Business by on December 14, 2009 at 1:05 pm

Amazon announced today Spot prices for EC2 instances - market-driven pricing for unused Amazon EC2 capacity.

You bid an amount per hour of usage, and if the spot price is equal to or lower than the amount, you then get the instance for that hour. This would be a great way to do things such as process time-insensitive data (maybe log files, updates of denormalized data, etc.)

A quick look at the historic graph, shows spot pricing for a Linux m1.small running between $0.025 and $0.35 per hour, averaging $0.030 per hour. Normal instances cost $0.085 per hour. Reserved instances cost $0.030 per hour.

The question that I’m most intrigued with currently is whether we should just move all of our normal instances to Spot instances. We would then set bids equal to the regular pricing. In theory, our pricing should never be worse than what we pay currently and would most likely be much better.

The long-term outcome is likely to be that all of EC2 pricing (except for the Reserved instances) moves to Spot Pricing.

The only risk I can think of is other companies doing the same thing but bidding more than the regular instance price. Then we’d get screwed as all of our instances are turned off. But of course, any company that switches from a regular instance to Spot instances, should free up an equal amount of capacity as they are currently using.

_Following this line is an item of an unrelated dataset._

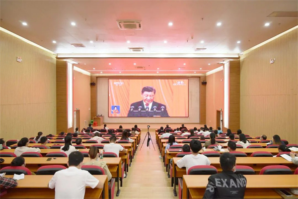 學(xué)校線下集中觀看的主要會(huì)場(chǎng)分別在圖文信息大樓報(bào)告廳、圖書館學(xué)術(shù)報(bào)告廳以及各個(gè)二級(jí)學(xué)院會(huì)議室。學(xué)校黨委副書記黃秋霞,紀(jì)委書記、副校長(zhǎng)彭高彬,副校長(zhǎng)羅艷妮、黃德偉,校長(zhǎng)助理蔣茂麗等校領(lǐng)導(dǎo)與師生代表一起觀看了大會(huì)直播。未能到場(chǎng)的師生也紛紛通過(guò)廣播、電視、網(wǎng)絡(luò)等收聽(tīng)收看會(huì)議盛況。

What am I missing? Are there other risks to this strategy?

2 Comments

  1. Thorsten@RightScale — February 5, 2010 @ 6:35 am

    There are several problems with your strategy. First you are creating an incentive for Amazon to raise the market price. If everyone bids like you propose they would clearly maximize their revenue by raising the spot price up to the on-demand price. A second problem is that all your instances may get terminated at the same time as the price rises above on-demand. Third the spot price can and has risen above on-demand. Spot pricing is by no means easy to understand and the API is quite a mess. Sigh.

  2. Dave Naffziger — February 5, 2010 @ 7:33 am

    Great thoughts. The second point has been what has worried me the most.

    Presuming entirely rational actors with perfect information (and the
    ability to act on it), the spot price (if it is truly a market price)
    should never rise above on-demand. But, switching instances is far
    from frictionless so invariably you have the likelihood of creating
    the third point (spot is more expensive).

    I wasn't aware that the spot price had ever risen above on-demand. I
    find it pretty fascinating though that it has already happened.